| Required action |
Repeat the data exactly, please; no pictures belong in the copy.

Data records
+--
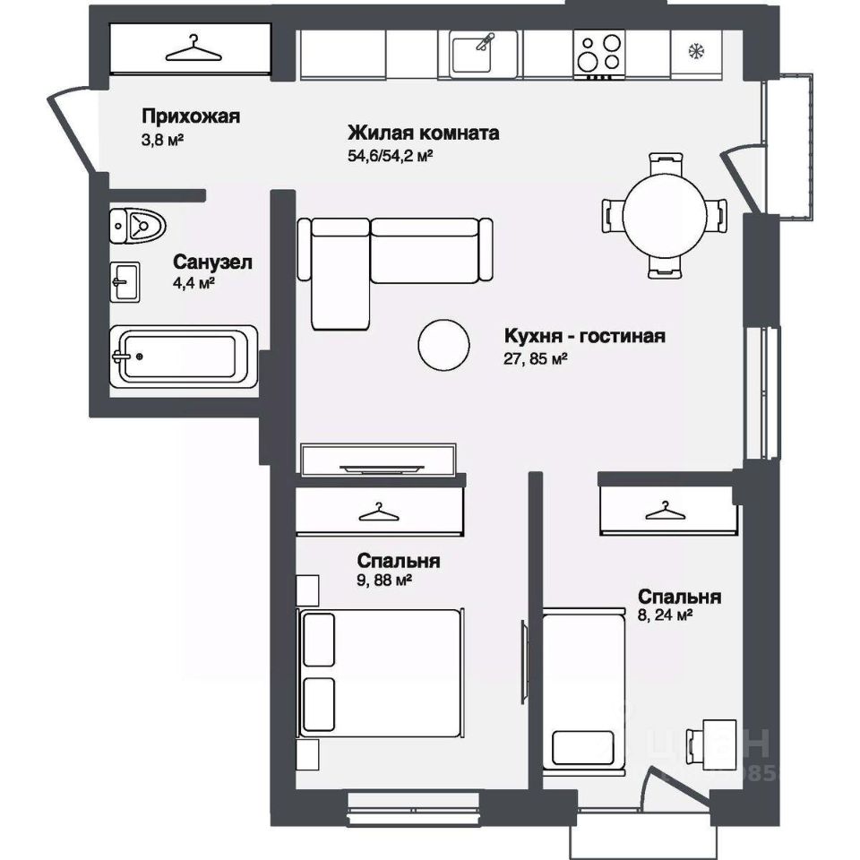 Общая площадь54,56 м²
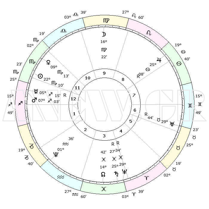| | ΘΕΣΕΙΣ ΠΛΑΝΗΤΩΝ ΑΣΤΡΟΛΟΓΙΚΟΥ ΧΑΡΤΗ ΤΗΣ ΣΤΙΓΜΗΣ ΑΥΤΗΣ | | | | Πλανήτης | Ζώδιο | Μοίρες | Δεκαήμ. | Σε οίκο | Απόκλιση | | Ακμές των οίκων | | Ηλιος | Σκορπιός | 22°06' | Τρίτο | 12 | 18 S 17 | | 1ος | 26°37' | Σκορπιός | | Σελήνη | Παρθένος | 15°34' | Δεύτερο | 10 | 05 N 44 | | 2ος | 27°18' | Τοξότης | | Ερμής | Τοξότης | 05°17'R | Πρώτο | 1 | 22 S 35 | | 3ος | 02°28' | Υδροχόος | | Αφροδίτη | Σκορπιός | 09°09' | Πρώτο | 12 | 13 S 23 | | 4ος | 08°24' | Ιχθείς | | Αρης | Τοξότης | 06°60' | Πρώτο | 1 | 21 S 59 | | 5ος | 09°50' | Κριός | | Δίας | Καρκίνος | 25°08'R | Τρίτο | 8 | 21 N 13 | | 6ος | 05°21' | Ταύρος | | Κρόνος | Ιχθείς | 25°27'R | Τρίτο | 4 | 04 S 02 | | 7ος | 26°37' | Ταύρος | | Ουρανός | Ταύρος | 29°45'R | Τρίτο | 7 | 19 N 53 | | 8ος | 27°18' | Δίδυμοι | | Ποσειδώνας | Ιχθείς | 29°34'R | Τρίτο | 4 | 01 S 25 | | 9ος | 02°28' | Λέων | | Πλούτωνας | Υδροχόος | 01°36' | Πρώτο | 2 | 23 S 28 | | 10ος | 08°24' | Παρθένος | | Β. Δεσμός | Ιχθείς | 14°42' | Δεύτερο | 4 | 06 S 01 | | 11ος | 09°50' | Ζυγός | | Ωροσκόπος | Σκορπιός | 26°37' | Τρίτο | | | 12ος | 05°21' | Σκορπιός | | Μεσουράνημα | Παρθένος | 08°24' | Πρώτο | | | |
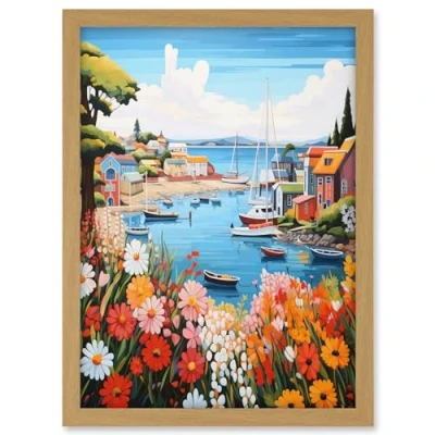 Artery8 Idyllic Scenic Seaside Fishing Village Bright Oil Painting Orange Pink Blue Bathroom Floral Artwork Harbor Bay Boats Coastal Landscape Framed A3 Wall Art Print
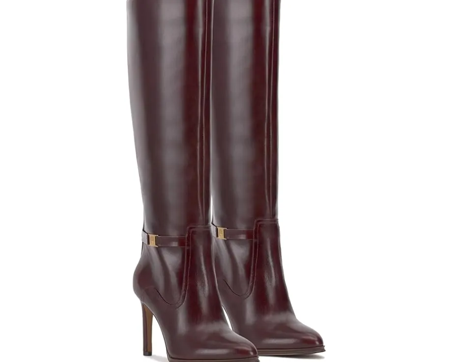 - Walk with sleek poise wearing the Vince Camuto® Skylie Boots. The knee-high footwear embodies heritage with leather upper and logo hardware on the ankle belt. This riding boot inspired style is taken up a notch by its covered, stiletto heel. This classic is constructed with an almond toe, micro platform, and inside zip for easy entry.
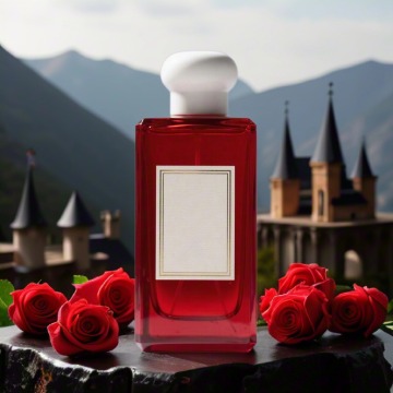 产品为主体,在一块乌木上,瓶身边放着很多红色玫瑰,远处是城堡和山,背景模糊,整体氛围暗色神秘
+--
| Answer to this exercise |
 Общая площадь54,56 м²
| | ΘΕΣΕΙΣ ΠΛΑΝΗΤΩΝ ΑΣΤΡΟΛΟΓΙΚΟΥ ΧΑΡΤΗ ΤΗΣ ΣΤΙΓΜΗΣ ΑΥΤΗΣ | | | | Πλανήτης | Ζώδιο | Μοίρες | Δεκαήμ. | Σε οίκο | Απόκλιση | | Ακμές των οίκων | | Ηλιος | Σκορπιός | 22°06' | Τρίτο | 12 | 18 S 17 | | 1ος | 26°37' | Σκορπιός | | Σελήνη | Παρθένος | 15°34' | Δεύτερο | 10 | 05 N 44 | | 2ος | 27°18' | Τοξότης | | Ερμής | Τοξότης | 05°17'R | Πρώτο | 1 | 22 S 35 | | 3ος | 02°28' | Υδροχόος | | Αφροδίτη | Σκορπιός | 09°09' | Πρώτο | 12 | 13 S 23 | | 4ος | 08°24' | Ιχθείς | | Αρης | Τοξότης | 06°60' | Πρώτο | 1 | 21 S 59 | | 5ος | 09°50' | Κριός | | Δίας | Καρκίνος | 25°08'R | Τρίτο | 8 | 21 N 13 | | 6ος | 05°21' | Ταύρος | | Κρόνος | Ιχθείς | 25°27'R | Τρίτο | 4 | 04 S 02 | | 7ος | 26°37' | Ταύρος | | Ουρανός | Ταύρος | 29°45'R | Τρίτο | 7 | 19 N 53 | | 8ος | 27°18' | Δίδυμοι | | Ποσειδώνας | Ιχθείς | 29°34'R | Τρίτο | 4 | 01 S 25 | | 9ος | 02°28' | Λέων | | Πλούτωνας | Υδροχόος | 01°36' | Πρώτο | 2 | 23 S 28 | | 10ος | 08°24' | Παρθένος | | Β. Δεσμός | Ιχθείς | 14°42' | Δεύτερο | 4 | 06 S 01 | | 11ος | 09°50' | Ζυγός | | Ωροσκόπος | Σκορπιός | 26°37' | Τρίτο | | | 12ος | 05°21' | Σκορπιός | | Μεσουράνημα | Παρθένος | 08°24' | Πρώτο | | | |
 Artery8 Idyllic Scenic Seaside Fishing Village Bright Oil Painting Orange Pink Blue Bathroom Floral Artwork Harbor Bay Boats Coastal Landscape Framed A3 Wall Art Print
 - Walk with sleek poise wearing the Vince Camuto® Skylie Boots. The knee-high footwear embodies heritage with leather upper and logo hardware on the ankle belt. This riding boot inspired style is taken up a notch by its covered, stiletto heel. This classic is constructed with an almond toe, micro platform, and inside zip for easy entry.
 产品为主体,在一块乌木上,瓶身边放着很多红色玫瑰,远处是城堡和山,背景模糊,整体氛围暗色神秘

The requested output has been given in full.